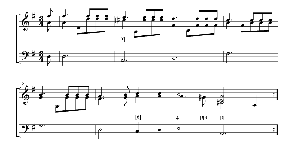
Fig. 1.3. Playing multiple notes: b) Couranto, bars. 1–8.
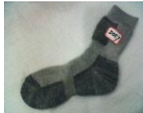
D057 S132N QUARTER SOCKS TERRY C/A6535+3075 SPANDEX
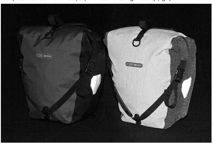
The entire material of front, back and sides reflects light

Comparison of Back-Roller Plus (left) and Back-Roller High Visibility (right)
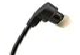
TV 9500A 400007 Ear Tabs for TV Ears - 5 per More Details: Item $29.95
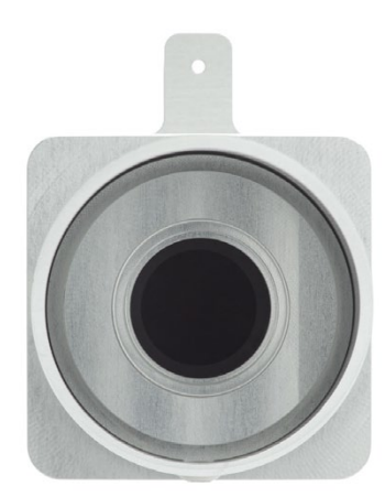
Figure 5 DR01 first class pyrheliometer front view
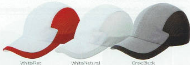
White/Red White/Natural Grey/Black
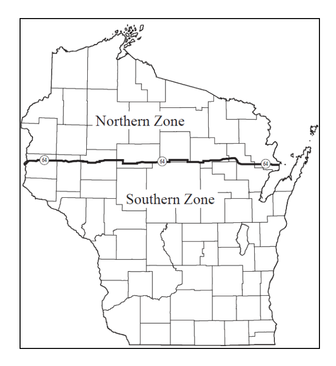
SECTION 15. NR 10.38 is created to read:
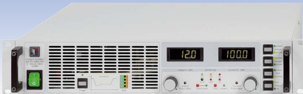
EA-PS 9080-100 ZH
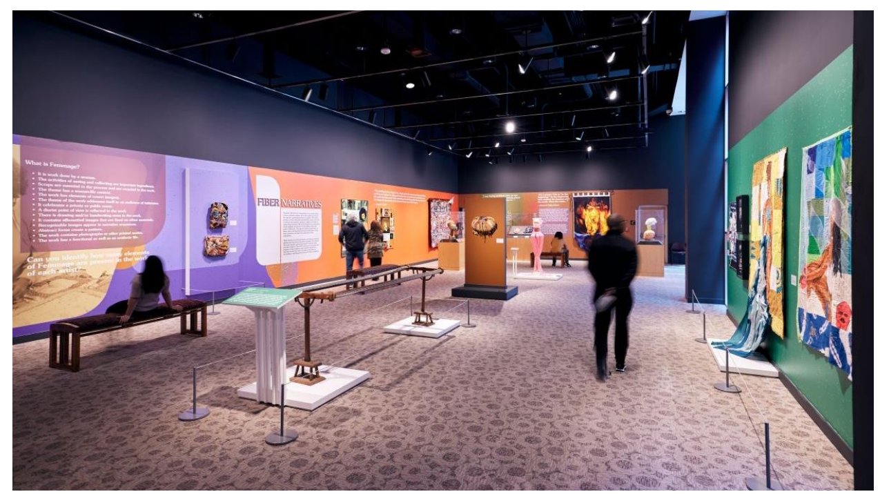
Black Woman Genius.
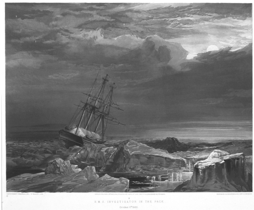
Figure 5.6 Samuel Gurney Cresswell, H.M.S. Investigator in the Pack . October 8th 1850, 1854. Lithograph, 44.3 × 61.2 cm.

monochrome sketch, probably indicative of the only materials then available to Cresswell, two or three comparatively large figures walk on the ice, which appears more stable than in the lithograph. In the latter, the glow of light coming from the ship points to a spark of humanity that poignantly highlights the inhuman aspects of the ice pack.
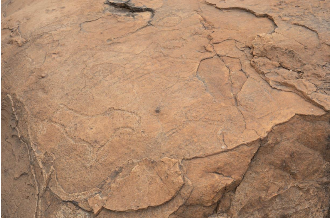
Figure 8. Possible engraving of a lion (bottom left of picture) alongside geometric designs. Rock C
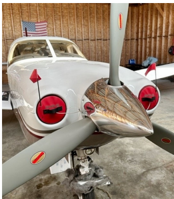
Piper PA-32 Saratoga Engine Inlet Plugs
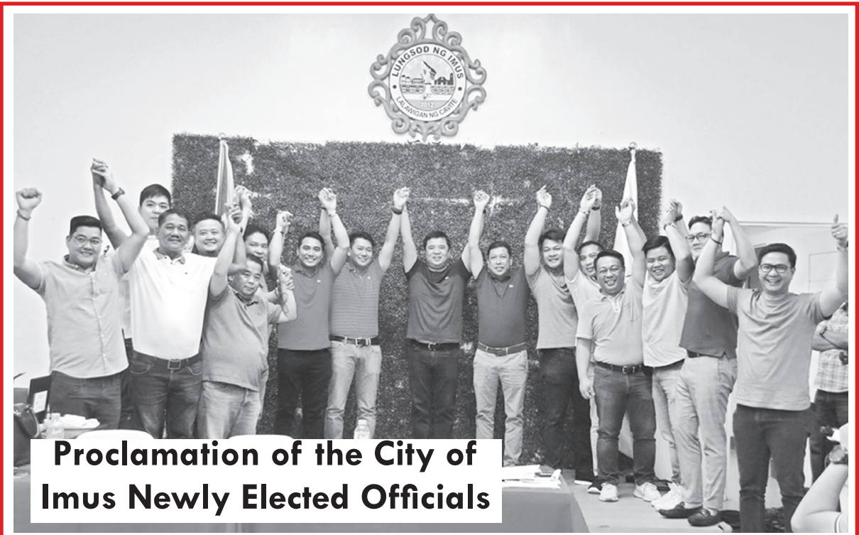
Proclamation of the City of Imus Newly Elected Officials
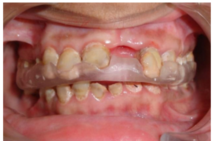
Figure III: Occlusal splint in place

Diagnostic wax-up was done at the established new vertical
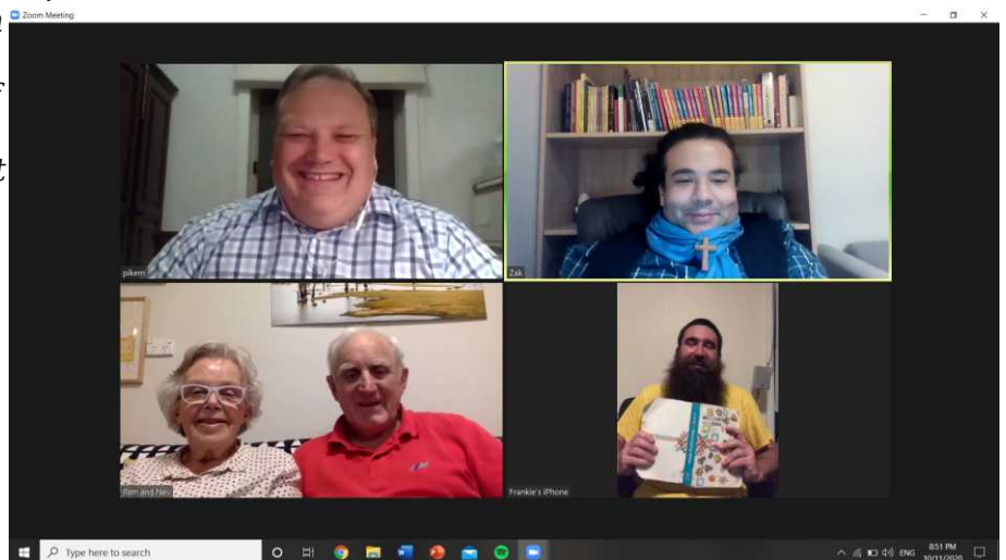
Screenshot of the MUC Parents Prayer Group Zoom meeting
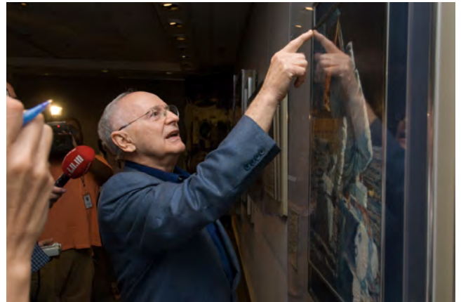
On 20 July 2009, Alan Bean shows an image from his exhibit, "Painting Apollo: First Artist on Another World."
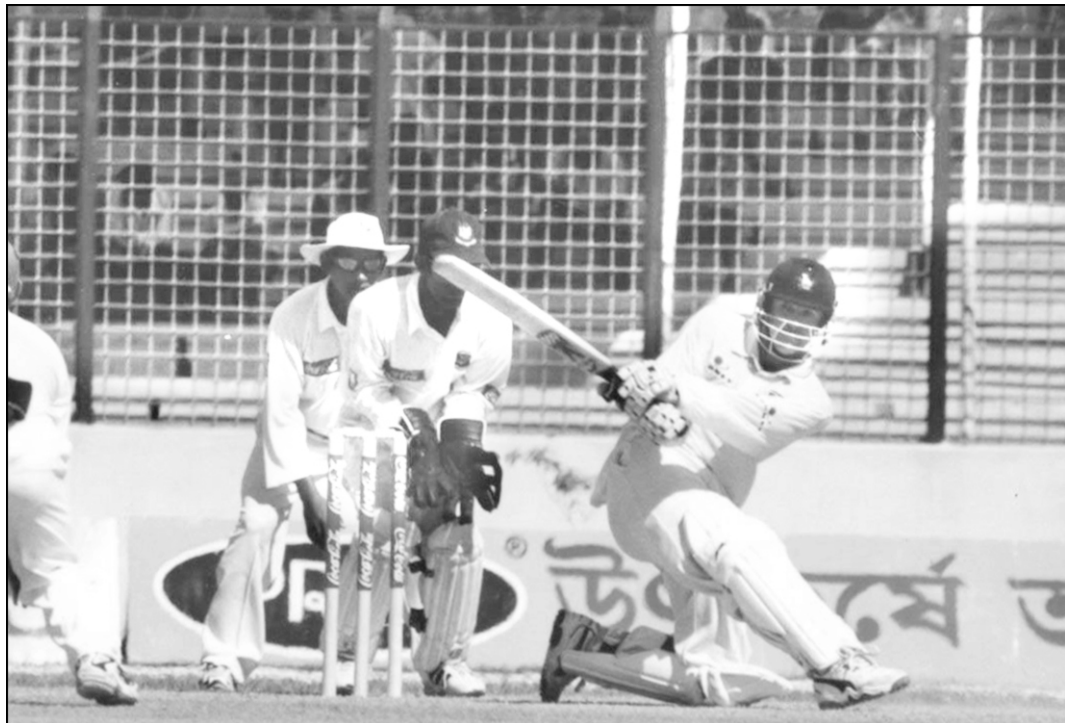
Zimbabwe superstar Andy Flower executes a forceful sweep shot on the second day of the Coca-Cola second Test at the MA Aziz Stadium on Thursday. Flower scored an unbeaten 114.
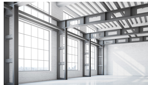
PRODUCTION INTERIOR BLOCK FILLER
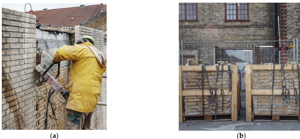
Figure 3. Cont.

A material with similar qualities is diamond brick, which can also be a distinctive element of a building's architecture. The ability to vary the direction of the brick arrangement produces unexpected visual effects (Figure 3). Diamond brick can also be used to lay paths, emphasising the versatility of the material used, or provide a uniform style to a building. An example of the use of diamond brick comes from Denmark, where the Lendager Group studio designed the Resource Rows apartment block in Orestad, which was nominated for the Mies van der Rohe award. The innovative nature of this project results from the creatively used variety of colours of bricks. The material comes from the dismantling of historical buildings of Copenhagen breweries, schools, and factories. Square segments of the walls, together with the mortar, were cut out as single units and transported on pallets (Figure 3). This form of obtaining and transporting material increases the investment costs, but the architectural benefits outweigh this (see Table 1, cell 3C). The presented implementation shows that reused material can be an important part of the chain in a circular economy. The object in question was the first motivator to work on this article.
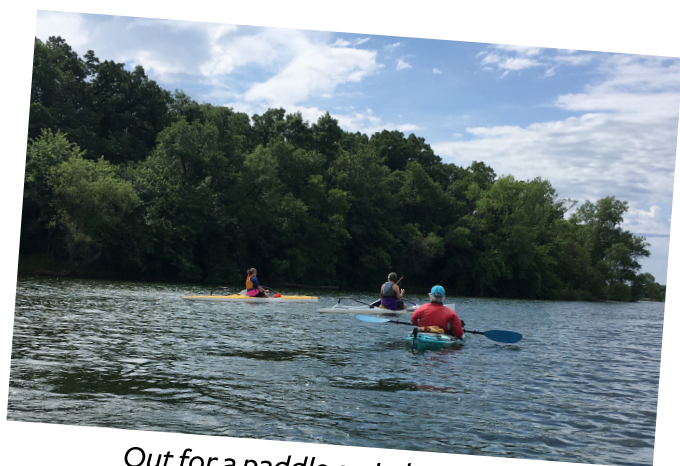
Out for a paddle on Lake Phalen
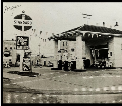
Standard Service Station

Before gas stations existed, motorists bought gasoline from hardware stores, general stores, pharmacies, blacksmiths, etc. The fuel was available in five-gallon cans which were stacked
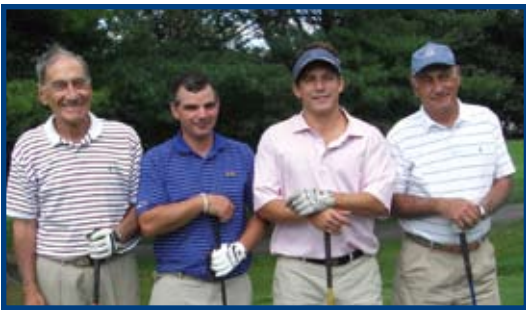
The Mack foursome looks ready for action.

By the end of the evening, many people were leaving with prizes they had won and auction items they had been the top bidders of. With prizes or without, a good time was had by all. We thank photographer Bev Weiss who was out on the course taking pictures of the corporate foursomes. These pictures were presented to our corporate sponsors later in the evening. Thanks to all our sponsors, golfers, donors and volunteers for making this another successful Golf Classic Tournament. Next year's date for Golf Classic Tournament XXII is September 20, 2010 . Think about joining us!
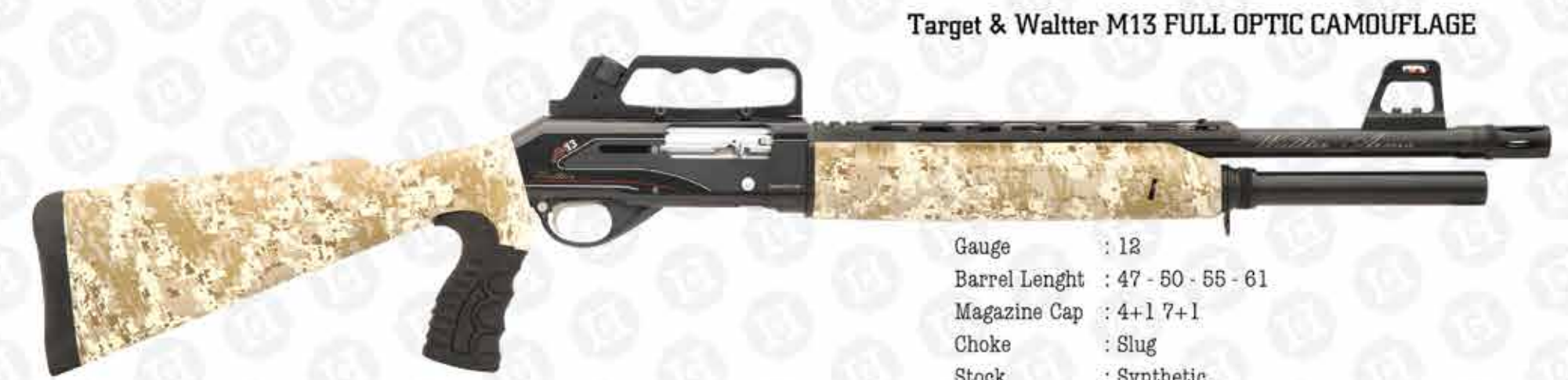
Target & Walther M13 FULL OPTIC CAMOUFLAGE

Gauge : 12 - 20 Barrel Length : 47 - 50 - 55 - 61 - 65 - 71 - 76 - 81 Magazine Cap : 4+1 7+1 Choke : Slug Stock : Synthetic
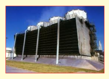
Cooling Water Chemicals

▸ WHAT TO DO:
Each line above from the one containing "Before gas stations" through the one containing "The Mack foursome looks ready for action." is to be returned verbatim. Nothing else, and no pictures.

▸ RESPONSE BOX:
Before gas stations existed, motorists bought gasoline from hardware stores, general stores, pharmacies, blacksmiths, etc. The fuel was available in five-gallon cans which were stacked
The Mack foursome looks ready for action.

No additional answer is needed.